An Exciting Indian Campaign
FIRST SERVICE AS RANGER CAPTAIN. BIGGEST INDIAN SCARE ON RECORD
It was in January, 1891, that Bill McDonald received his appointment as Ranger Captain, and his first official service was not long delayed. He arrived at Amarillo about midnight, and was received with congratulations, for the news had traveled ahead of him. He was tired, however, and the hour was late, so he presently slipped away to bed. He had hardly fallen asleep when he was rudely awakened and handed a telegram which stated that the Indians had made a raid across the border, and were killing and robbing in Hall County, near Salisbury.
Captain McDonald read the telegram and laughed. There had been no Indian troubles in Texas for a number of years. White renegades there were in plenty, but Indian outbreaks had long since ceased.
"I guess the boys are trying to have some fun with me on my first night," he said, and turned in once more to sleep. But a few minutes later another telegram came; and another; this time from the superintendent of the railroad company—a Mr. Good, whom McDonald knew as a man not given to practical joking.
The Ranger Captain dressed himself, hurried over to the telegraph office and got the operator there to talk over the wire to the operator where the scare had originated. He learned that it seemed to be genuine, and that everybody was leaving the neighborhood. The operator at Salisbury ended his information with "Good-by, I'm going now myself."

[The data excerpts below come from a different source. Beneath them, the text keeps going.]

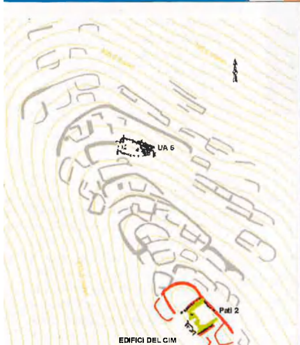
EL TRIGAL (Nasca, Ica, Perú). 2005.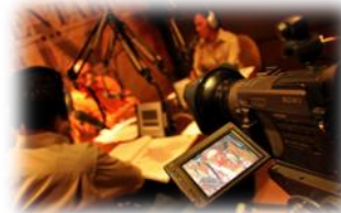
El comentario en Radio y Televisión

Los tres programas se transmiten de manera diferida como se explica a continuación: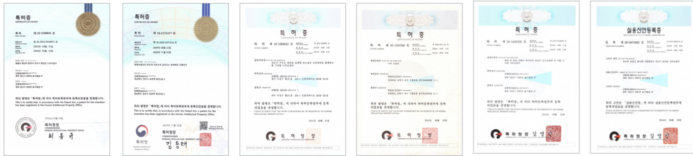
제 10-1598841호 제 10-2175477호 제 10-1068043호 제 10-1161048호 제 10-1446509호 제 20-0474692호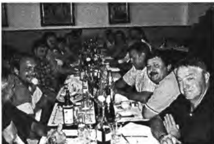
A la clausura del curs, l'Ajuntament va oferir un dinar als voluntaris de Protecció Civil

Per sis vots a favor (PP), 1 abstenció (PSOE) i 4 en contra (PSM) fou aprovat sol·licitar la inclusió del projecte turístic "Ecomuseu El Molinar" de Montuïri dins la convocatòria d'ajudes urgents per pal·liar la desestacionalització turística de la Conselleria de Turisme del Govern Balear amb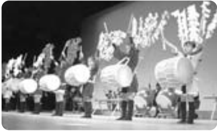
神戸雨乞い 芸能保存会

多年にわたり、地域に伝わる郷土芸能「雨乞い曼陀羅」の伝承に貢献されています。地域の行事などへの出演をはじめ、「NEW!!! わかふじ国体」や「ふるさと芸能祭」などにも積極的に出演し、先人が築き上げてきた貴重な伝統芸能を継承するための努力を重ねており、今後も活躍が大いに期待されます。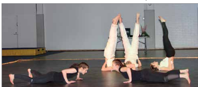
PuU nuorten tanssillinen voimistelu "Erlainenko?"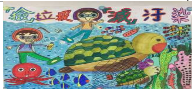
海洋教育漫畫及海報比賽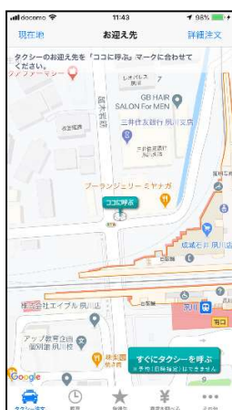
タクシーの配車手配 (阪急タクシーアプリ)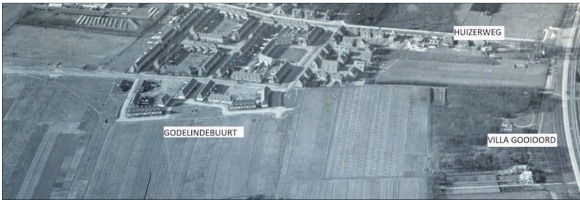
■ Luchtfoto uit 1925 van het gebied.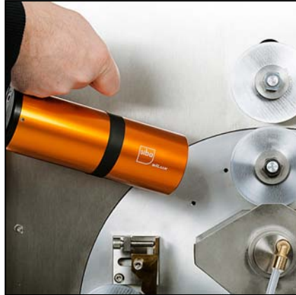
Si20 avec lampe stroboscopique SiLux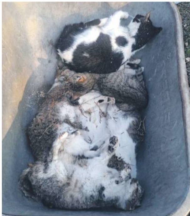
To kilka znalezionych kotów, które noszą ślady strasznej męki przed śmiercią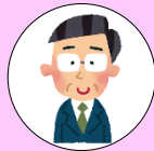
60代男性 (株)クリハラント 就職 (R6年度 修了生)

高年齢の私が、「覚えてもすぐ忘れる」を繰り返す中、諦めることなく最後まで丁寧に指導いただきありがとうございました。 残りの人生、最後の就職になろうかと思いますが、学ばせていただいたことを色々と思い出しながら与えられた仕事に活かしたいと思っています。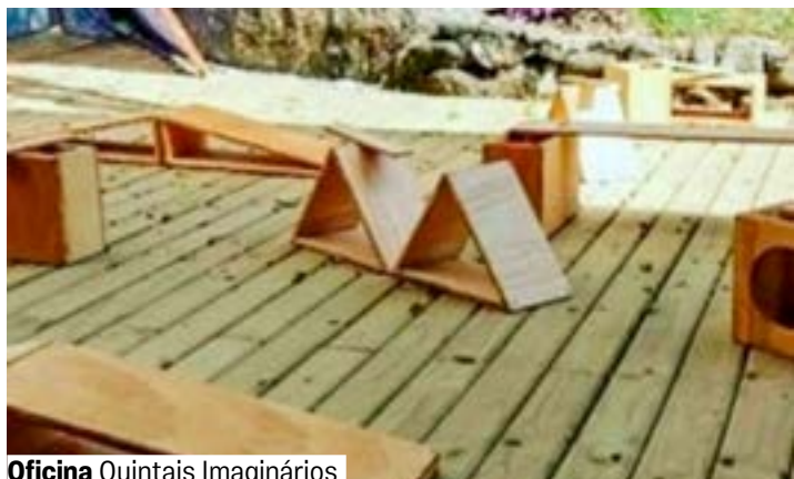
Oficina Quintais Imaginários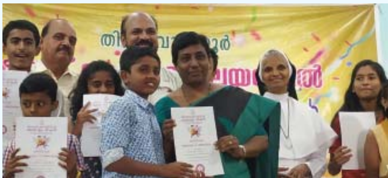
സെന്റ് ജൂഡ് ദേവാലയത്തിൽ നടന്ന പ്രവേശനോത്സവം

കേരളത്തിലെ പ്രളയക്കെടുതി നേരിടുന്നവരെ സഹായിക്കാനായി മിഷൻ തയ്യാറാക്കിയ 'ചങ്ങാതിക്കുടുക്ക്' പദ്ധതിയുടെ ഭാഗമായ വിദ്യാർത്ഥികൾക്ക് സർട്ടിഫിക്കറ്റുകൾ നൽകി. വെള്ളം അമൂല്യമാണ് എന്ന സന്ദേശം ഉൾക്കൊള്ളുന്ന നൂത്തരുപവും ചടങ്ങിൽ അരങ്ങേറി.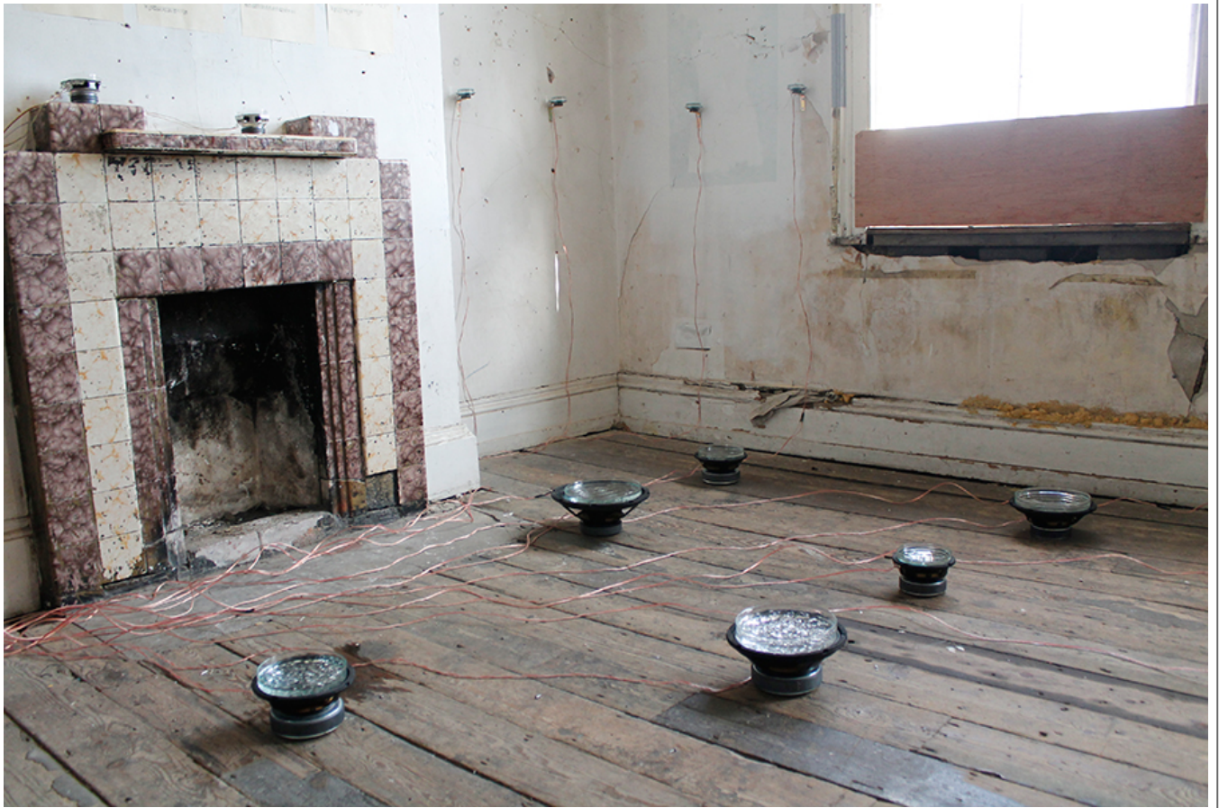
Emergent Vision , Safehouse, 2020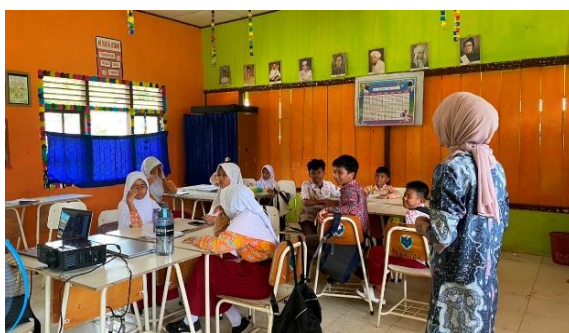
Gambar 4. Proses Pembelajaran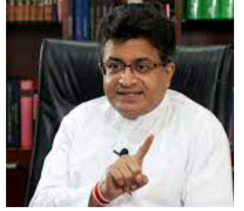
யான காலப்பகுதிக்குள் நடத்தப்பட வேண்டும்.

எதிர்வரும் மாதம் 04 ஆம் திகதி உள்ள ராட்சி மன்றத் தேர்தல் தொடர்பான அறிவிப்பு வெளியிடப்பட்டால் 2023 ஆம் ஆண்டு பெப்ரவரி மாதம் 25 ஆம் திகதி முதல் மார்ச் மாதம் 11 ஆம் திகதி வரை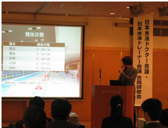
(写真1：元島先生による帯同報告)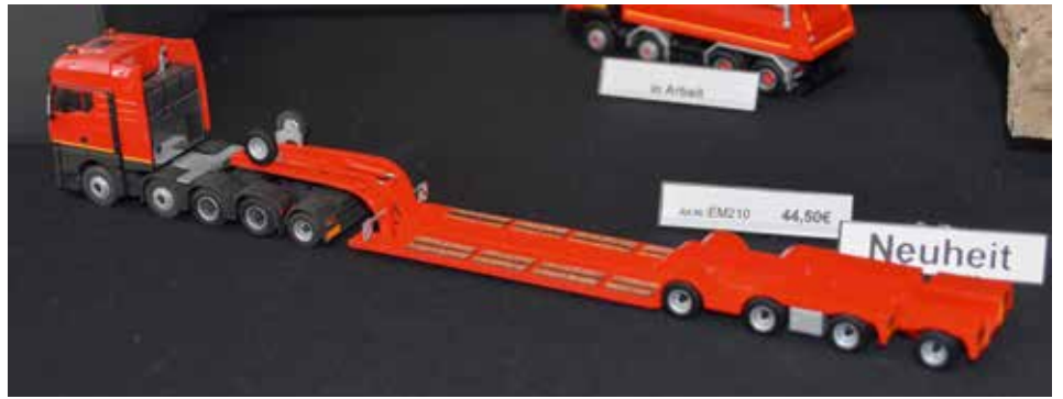
Modelle im 3D-Druck erobern die Szene.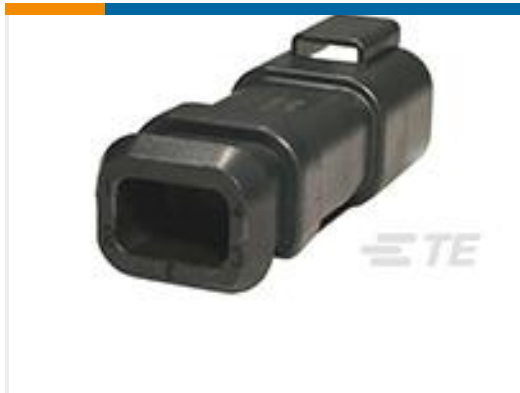
TE 产品编号DT04-4P-CE09 REC, 4P, BLK, E, XCAP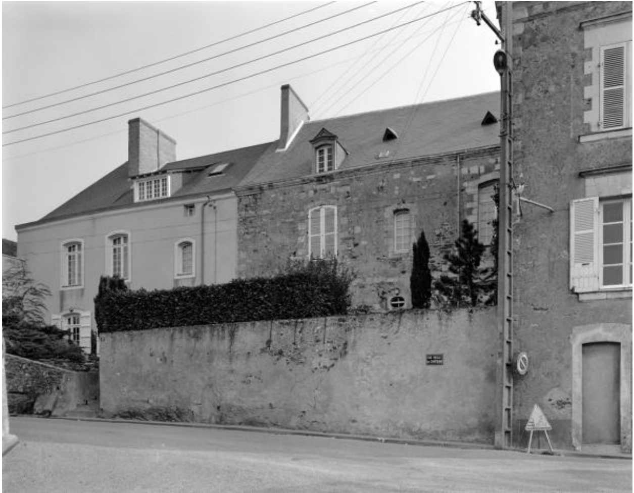
Vue d'ensemble, façades antérieures sur rue.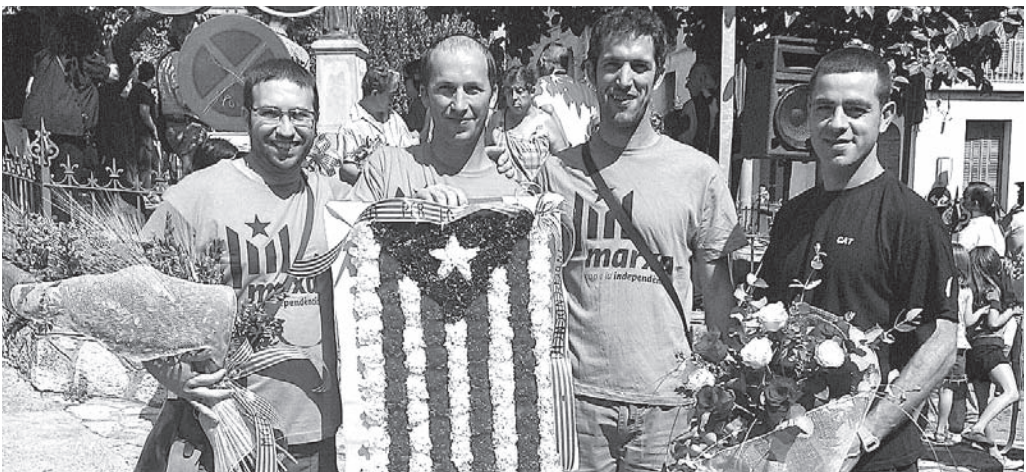
Ofrena floral de l'Assemblea

Per acabar, volem remarcar la importantíssima resposta popular que hem tingut amb les parades informatives: s'han venut moltes samarretes i mocadors, hem recollit noves adhesions, però sobretot ha estat espectacular la venda de centenars i centenars d'estelades de tota mena. Tot això ens ha ajudat molt en el nostre propòsit de socialitzar la independència, parlar-ne, escoltar els dubtes i les reflexions dels vilatans.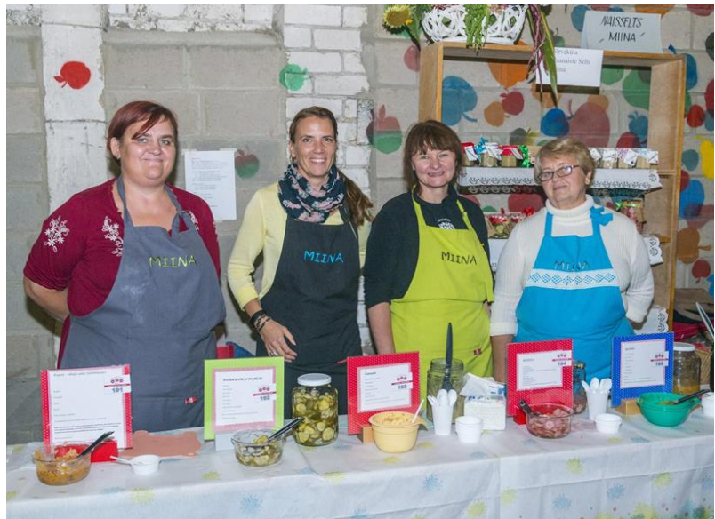
Olustvere hoidiste mess

võrgustikega ka külaliikumine Kodukant. Hoidiste messi ja kohaliku toidu laada juurde kuulub ka mitmekesine kultuurikava, avatud on kohvikud ja Olustvere mõisa tegevuskojad ning osaleda saab harivates töötubades ja meelelahutuslikes tegevustes. Samal ajal peetakse Olustveres ka rahvusvahelisi künnivõistlusi.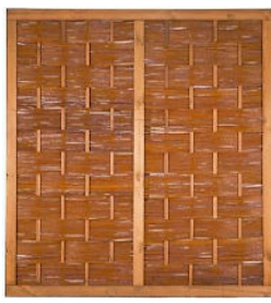
Ätna (T&J-36166/36162) 120 x 180 cm 99,99 € 180 x 180 cm 169,99 €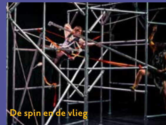
De spin en de vlieg

Deze voorstellingen zijn geboekt vanuit de samenwerking tussen Clink!, de Theaterkerk en TOP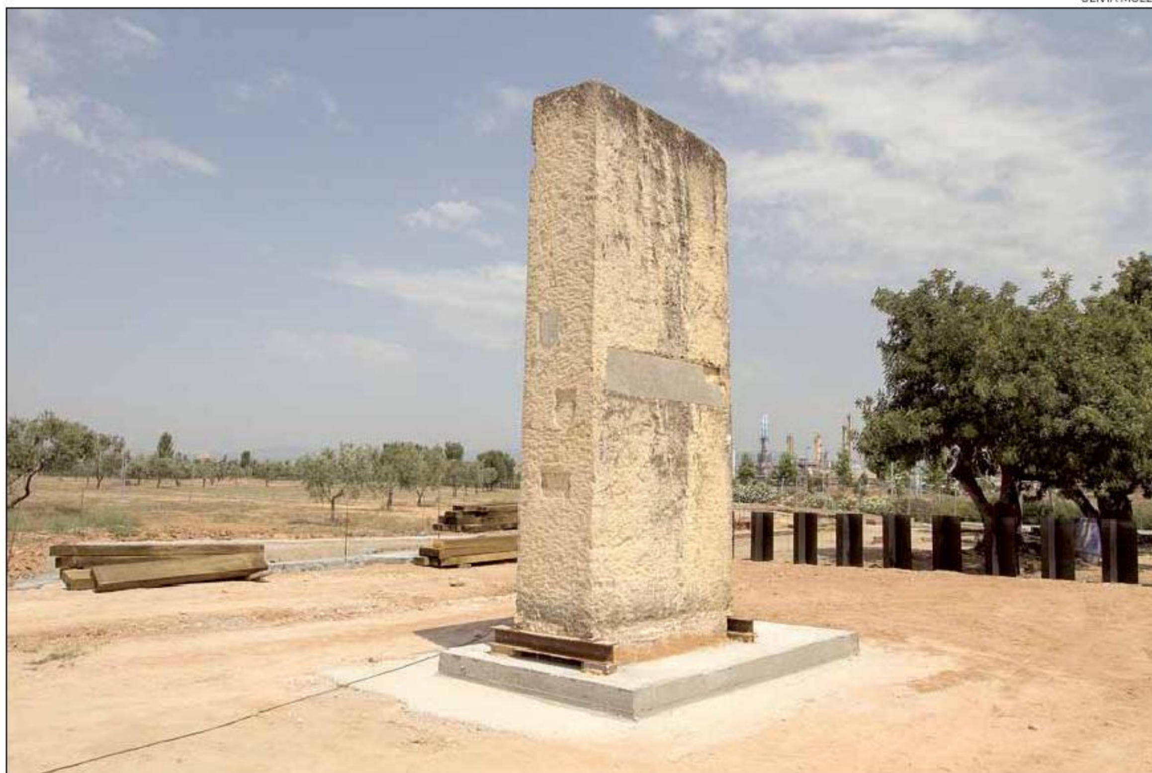
El Piló del Rescat a la seva nova ubicació, a tocar del Camí del Racó i molt a prop del Raval de la Mar.

Conta la llegenda que els Senyors de Pinós aplegaren dobles, brocat, vaques i cavalls, però faltaven les donzelles. Els Senyors de la Baronia acordaren, no sense recança, que les famílies que en tinguessin tres, en donarien dues, les que en tinguessin dues en donarien una, i entre les que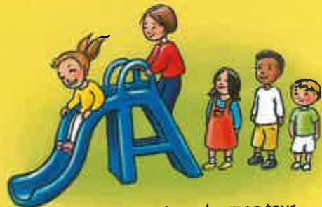
Attendre mon tour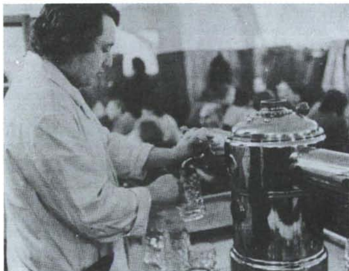
Egy korsó csapolt Pilsner Urquell valóban lágy és frissítő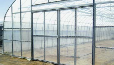
テイペッドアプラス取付金具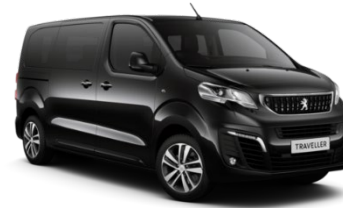
MO9V | Perla Neran musta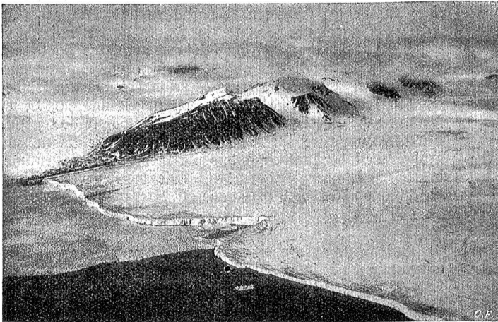
Der Rand des Packeises im nördlichen Eismeer.

Amundsen trat 1918 seine große Nordpolfahrt von Kristiania aus an. Er wollte, wie Nansen, vom Beringsmeer her zum Pol vorstoßen. Er hatte aber mit seiner Expedition wenig Glück. Im Sommer 1918 gelangte Amundsens Schiff „Maud“ etwa bis zum Kap Tscheljustin, dem nördlichsten Punkt Asiens. Hier mußte er überwintern, kam erst im Hochsommer 1919 wieder frei, gelangte aber in diesem Sommer noch glücklich über das Nordensjøldmeer und durch die enge Durchfahrt zwischen den Neusibirischen Inseln und dem asiatischen Festland. Nun stieß Amundsen nach Nordosten vor, um die für sein Einfrieren in Aussicht genommene Gegend zu erreichen, kam aber bald an eine Eisbarriere, die ihn statt nach Norden nach Südosten zur Anjouninsel an der ostsibirischen Küste östlich der Kolymamündung führte. Hier erfolgte die zweite Ueberwinterung, 1919 auf 1920.

Captain Bill still could not believe it a genuine Indian incursion. Hall County was in the second tier from the Territory line, and the Indians would have had to cross Childress County to get to it. He did not believe that they would undertake to do this, or that they could have accomplished it without previous alarms. Still, it was his duty to investigate. He got a special train; loaded in men, horses and pack-mules, and set out on a hunt for Indians. It was about a hundred miles to Salisbury, and they reached there early in the day. Not a soul was in sight anywhere. The inhabitants were hidden, some in dug-outs, some in haystacks, some in the tall grass. Here and there, as the train pulled in, McDonald saw a head stick out from a sod house far out on the prairie, then suddenly disappear, like a prairie-dog dropping into his hole. He set out to interview some of these wary settlers, and learned that the Indian alarm had been given by a man—a new settler just arrived in the country—who had ridden his horse to death and lost one of his children—having left him far behind somewhere—in his wild eagerness to escape the savages who, he declared, were burning and scalping not far away. Captain Bill found this man, and after a little talk with him was convinced that what he had seen was nothing more nor less than some cowboys on a round-up, disporting themselves around their campfire at night, as cowboys will—dancing and capering in the mad manner of young plainsmen whose ideas of amusement are elemental, and whose opportunities for social diversions are few. The man and the neighborhood, however, remained unconvinced, so it was decided to visit the scene of the disturbance.